Want to hear perhaps the weakest, most 1st-Worldest Lenten resolution ever? I’m using an iPhone as a Lenten penance. It’s a petty insult to Apple users, so it’s actually an actively uncharitable practice. Furthermore, I’m announcing this penance, and that’s exactly what Jesus (the inventor of Lent) says not to do. I’m writing a whole blog post about it.
This penance cuts me pretty deep though, I truly believe. Let me explain. First off, it’s an iPhone 7. $200 at Walmart, for Straight Talk customers. This thing is slow and it has a sub-par camera. Basically, leprosy. Really, though, I’m Android to the core, ride-or-die. I have never owned a Mac, and in fact, I use Chromebooks for my personal computing. Team Google, through and through.

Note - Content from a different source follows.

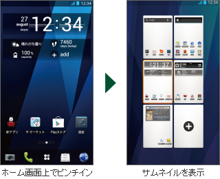 ホーム画面上でピンチイン操作をすることで、ホームアプリの全ページをサムネイル表示。ページの表示順入替や、移動、削除がカンタンに行えます。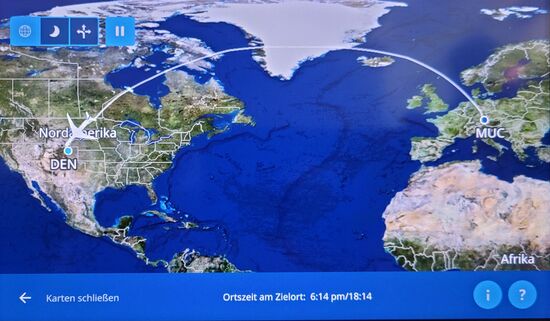 Dachten wir! Pünktlich um 16.05 h gings in die Luft und das Richtung Norden. Wir überflogen Bremen, Helgoland, die Färöer Inseln. Nach Island zwischen Isafjördur (Island) und Ittoqqortoormiit (Grönland) (wers kennt?) gings dann über das Eis des südlichen Zipfels Grönlands und weiter über das Eismeer nach Kanada. Wir überflogen den Hudson Bay, North- und South Dakota und landeten endlich nach 10 1/2 Std. in Denver. Ein James Brown saß als Kapitän im Cockpit und flog mit uns diesen Bogen über den Atlantik.

Switching is annoying. Nothing is where I want it to be. I had a Pixel 3a before, which even Apple apologists will admit, cleanly out-classes the iPhone 7 in nearly every measurable category. So what is truly driving the change? Two big things:
- The Pixel 3a fell into the ocean. It fell into the ocean with me. It was a consequence of a tragic Instagram influencer accident that I’m not fully emotionally healed enough to discuss in further detail. Maybe a blog on that later.
- I’m marrying into an iPhone family, so I figured I might as well be a team player on this one.
And so, you see, the iPhone switch may truly be perceived as a Lenten penance. I am denying myself, letting go of a contrived material object (well, operating system) that I’ve perhaps given too high of a place in the composition of my personal identity.
Another Lenten resolution is to write things on this blog. I’m thinking of calling it “40 for 40”. Forty blog posts in forty days. So read this blog. My hastily composed words can be your penance.